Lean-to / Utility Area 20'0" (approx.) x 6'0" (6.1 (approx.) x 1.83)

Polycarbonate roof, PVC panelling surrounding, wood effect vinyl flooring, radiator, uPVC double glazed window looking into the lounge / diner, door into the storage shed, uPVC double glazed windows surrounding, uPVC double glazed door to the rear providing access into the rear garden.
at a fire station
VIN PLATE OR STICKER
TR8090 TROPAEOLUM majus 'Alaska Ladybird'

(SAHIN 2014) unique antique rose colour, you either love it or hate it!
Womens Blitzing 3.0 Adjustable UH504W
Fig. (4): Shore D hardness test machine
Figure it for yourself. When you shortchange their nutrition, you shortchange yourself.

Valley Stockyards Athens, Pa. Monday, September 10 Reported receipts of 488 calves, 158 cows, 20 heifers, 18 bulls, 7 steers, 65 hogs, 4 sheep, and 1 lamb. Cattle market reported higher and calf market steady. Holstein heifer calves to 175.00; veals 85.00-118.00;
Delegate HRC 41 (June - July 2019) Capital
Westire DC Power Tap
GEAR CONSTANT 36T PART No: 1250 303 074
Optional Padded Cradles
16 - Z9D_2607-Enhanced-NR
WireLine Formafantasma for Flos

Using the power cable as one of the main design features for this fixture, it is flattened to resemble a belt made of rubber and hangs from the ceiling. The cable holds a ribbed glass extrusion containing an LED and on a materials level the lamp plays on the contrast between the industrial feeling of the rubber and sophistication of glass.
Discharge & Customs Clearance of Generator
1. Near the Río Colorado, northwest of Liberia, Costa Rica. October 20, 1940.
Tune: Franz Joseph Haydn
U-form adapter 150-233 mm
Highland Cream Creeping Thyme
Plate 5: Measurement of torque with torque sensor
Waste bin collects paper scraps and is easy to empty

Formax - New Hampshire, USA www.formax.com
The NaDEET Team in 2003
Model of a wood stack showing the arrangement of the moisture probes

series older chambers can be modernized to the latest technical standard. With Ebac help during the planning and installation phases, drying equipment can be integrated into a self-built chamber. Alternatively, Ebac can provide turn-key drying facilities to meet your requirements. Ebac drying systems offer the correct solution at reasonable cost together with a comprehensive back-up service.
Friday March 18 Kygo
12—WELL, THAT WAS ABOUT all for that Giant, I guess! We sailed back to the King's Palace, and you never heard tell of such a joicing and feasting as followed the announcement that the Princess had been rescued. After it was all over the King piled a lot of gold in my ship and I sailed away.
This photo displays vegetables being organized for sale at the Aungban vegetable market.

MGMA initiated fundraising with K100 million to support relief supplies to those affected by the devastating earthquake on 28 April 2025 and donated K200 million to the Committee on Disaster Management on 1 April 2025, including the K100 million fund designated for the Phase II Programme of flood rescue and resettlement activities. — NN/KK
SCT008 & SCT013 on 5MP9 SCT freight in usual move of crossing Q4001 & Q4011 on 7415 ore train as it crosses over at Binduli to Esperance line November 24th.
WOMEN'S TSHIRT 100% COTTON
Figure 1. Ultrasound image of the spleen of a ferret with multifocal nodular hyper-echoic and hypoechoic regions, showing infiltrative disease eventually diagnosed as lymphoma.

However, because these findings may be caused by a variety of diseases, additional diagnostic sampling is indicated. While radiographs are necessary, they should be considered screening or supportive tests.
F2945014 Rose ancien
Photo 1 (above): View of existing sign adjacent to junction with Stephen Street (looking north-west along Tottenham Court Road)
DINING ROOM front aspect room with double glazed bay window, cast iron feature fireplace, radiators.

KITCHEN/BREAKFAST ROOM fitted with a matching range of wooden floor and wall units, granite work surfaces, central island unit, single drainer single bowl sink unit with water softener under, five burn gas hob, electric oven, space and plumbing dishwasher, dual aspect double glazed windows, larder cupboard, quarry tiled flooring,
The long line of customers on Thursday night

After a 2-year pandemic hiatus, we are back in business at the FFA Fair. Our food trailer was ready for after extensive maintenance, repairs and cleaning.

• • • • • • •

* Your task
Beginning at the top of the records above, transcribe each line exactly up to and including the line that holds "(SAHIN 2014) unique".

* Task answer
Lean-to / Utility Area 20'0" (approx.) x 6'0" (6.1 (approx.) x 1.83)

Polycarbonate roof, PVC panelling surrounding, wood effect vinyl flooring, radiator, uPVC double glazed window looking into the lounge / diner, door into the storage shed, uPVC double glazed windows surrounding, uPVC double glazed door to the rear providing access into the rear garden.
at a fire station
VIN PLATE OR STICKER
TR8090 TROPAEOLUM majus 'Alaska Ladybird'

(SAHIN 2014) unique antique rose colour, you either love it or hate it!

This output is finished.